▸ What to produce
Would you please copy the entries exactly, leaving every picture aside?
─── Exercise inputs
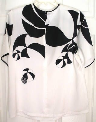 An easy to wear blouse from French designer Louis Feraud. This blouse is dark navy on bright white. The design could look Japanese or beachy, depending on how you look at it. The design is on the upper front and back Fine navy piping edges the short sleeves and neckline.
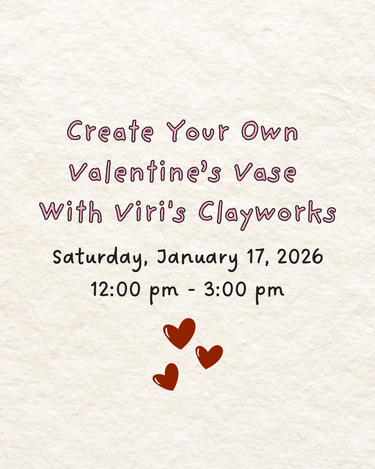 Join us for a special, cozy, hands-on clay class with ceramic artist Viri Avina of Viri's Clayworks, where you'll create a beautiful flower vase just in time for Valentine’s Day! Whether you're making a gift for a loved one or a treat for yourself, this workshop is the perfect way to celebrate the season of love.
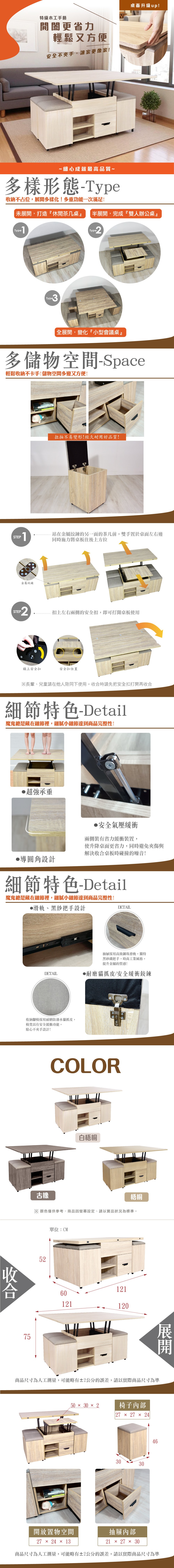 傢俱工場-圭吾 機能升降茶几/餐桌/書桌 (緩衝款)
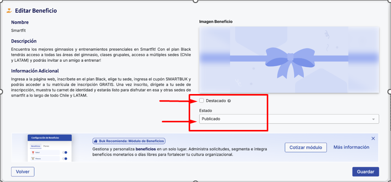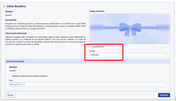 - Editar el estado de cada beneficio: Cambia el estado de cada beneficio: "Publicado" lo hará visible para tus colaboradores, mientras que "Borrador" lo ocultará.
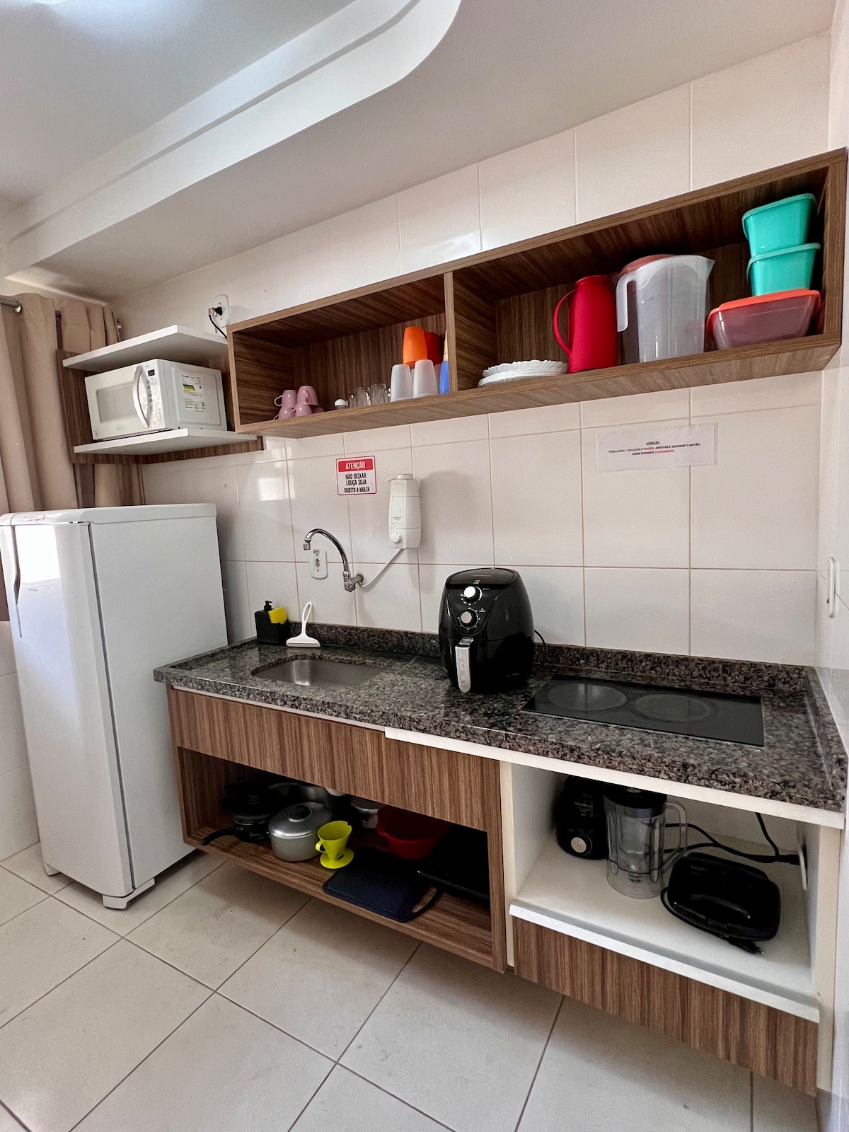 Apartamento Suíte casal com cama box Queen, ar-condicionado, TV, armários, criados e cortina com black-out; Quarto solteiro com cama box Queen, criados, armário, ar-condicionado, e cortina com black-out; Banheiro social com armários e box no banho; Sala com sofá, TV de tela plana, bancada com 4 cadeiras e banqueta; Cozinha tipo americana com Cook Top a gás, geladeira inox, micro-ondas, forno elétrico, sanduicheira e utensílios. Sacada com bancada . Garagem privativa.
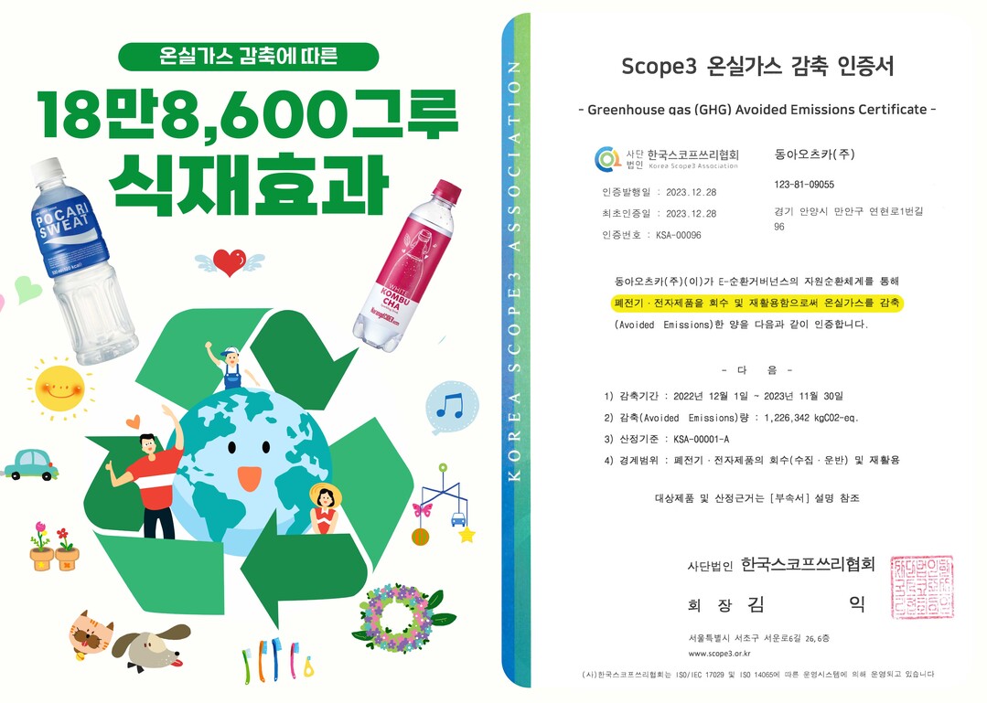 | 동아오츠카가 한국스코프쓰리협회로부터 ‘온실가스 감축’에 대해 인증받았다. [사진=동아오츠카] |
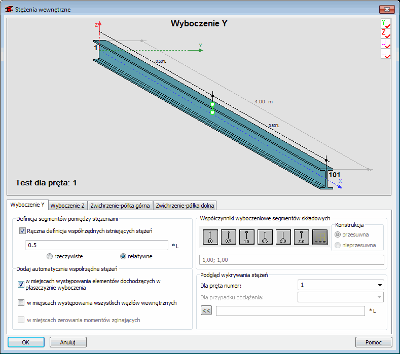 W programie istnieje możliwość zdefiniowania parametrów usztywnień ograniczających zarówno długość wyboczeniową (w obydwu kierunkach), jak i długość zwichrzeniową pręta (osobno dla półki dolnej i górnej). Dzięki temu w trakcie analizy łatwo mogą zostać odczytane zestawy momentów zginających w charakterystycznych punktach pręta. Opcje umożliwiają również zdefiniowanie współczynników długości wyboczeniowej i/lub zwichrzeniowej odcinków pręta między stężeniami.
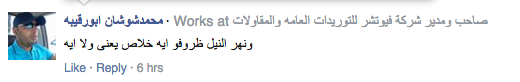 وقال محمد شومان أبو رقيبة: “ونهر النيل ظروفه إيه خلاص يعني ولا إيه”.
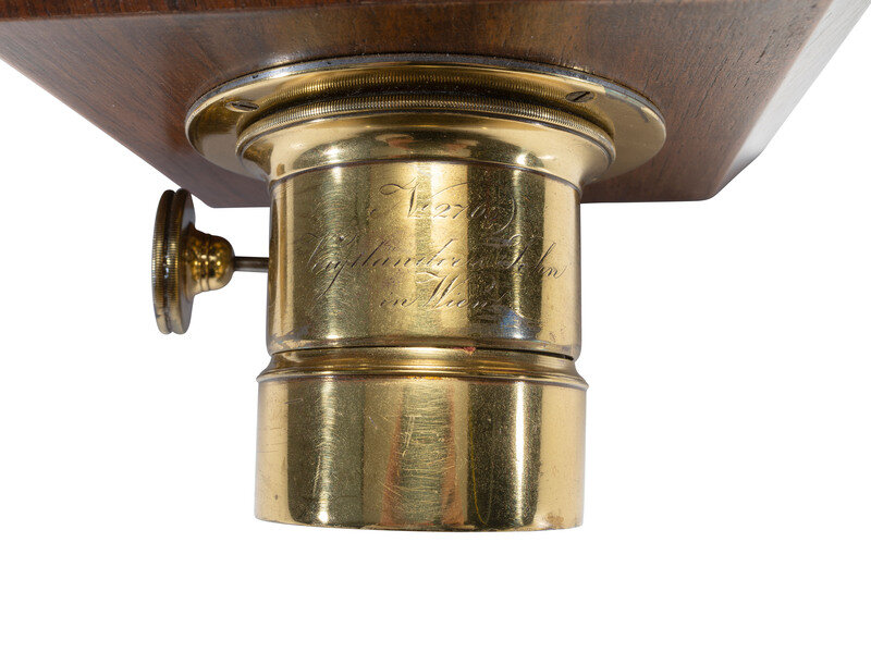 [CAMERAS]. Replica chamfered box sixth plate daguerreotype camera with Voigtlander & Sohn lens.
──────
▸ Task output
 An easy to wear blouse from French designer Louis Feraud. This blouse is dark navy on bright white. The design could look Japanese or beachy, depending on how you look at it. The design is on the upper front and back Fine navy piping edges the short sleeves and neckline.
 Join us for a special, cozy, hands-on clay class with ceramic artist Viri Avina of Viri's Clayworks, where you'll create a beautiful flower vase just in time for Valentine’s Day! Whether you're making a gift for a loved one or a treat for yourself, this workshop is the perfect way to celebrate the season of love.
 傢俱工場-圭吾 機能升降茶几/餐桌/書桌 (緩衝款)
 - Editar el estado de cada beneficio: Cambia el estado de cada beneficio: "Publicado" lo hará visible para tus colaboradores, mientras que "Borrador" lo ocultará.
 Apartamento Suíte casal com cama box Queen, ar-condicionado, TV, armários, criados e cortina com black-out; Quarto solteiro com cama box Queen, criados, armário, ar-condicionado, e cortina com black-out; Banheiro social com armários e box no banho; Sala com sofá, TV de tela plana, bancada com 4 cadeiras e banqueta; Cozinha tipo americana com Cook Top a gás, geladeira inox, micro-ondas, forno elétrico, sanduicheira e utensílios. Sacada com bancada . Garagem privativa.
 | 동아오츠카가 한국스코프쓰리협회로부터 ‘온실가스 감축’에 대해 인증받았다. [사진=동아오츠카] |
 W programie istnieje możliwość zdefiniowania parametrów usztywnień ograniczających zarówno długość wyboczeniową (w obydwu kierunkach), jak i długość zwichrzeniową pręta (osobno dla półki dolnej i górnej). Dzięki temu w trakcie analizy łatwo mogą zostać odczytane zestawy momentów zginających w charakterystycznych punktach pręta. Opcje umożliwiają również zdefiniowanie współczynników długości wyboczeniowej i/lub zwichrzeniowej odcinków pręta między stężeniami.
 وقال محمد شومان أبو رقيبة: “ونهر النيل ظروفه إيه خلاص يعني ولا إيه”.
 [CAMERAS]. Replica chamfered box sixth plate daguerreotype camera with Voigtlander & Sohn lens.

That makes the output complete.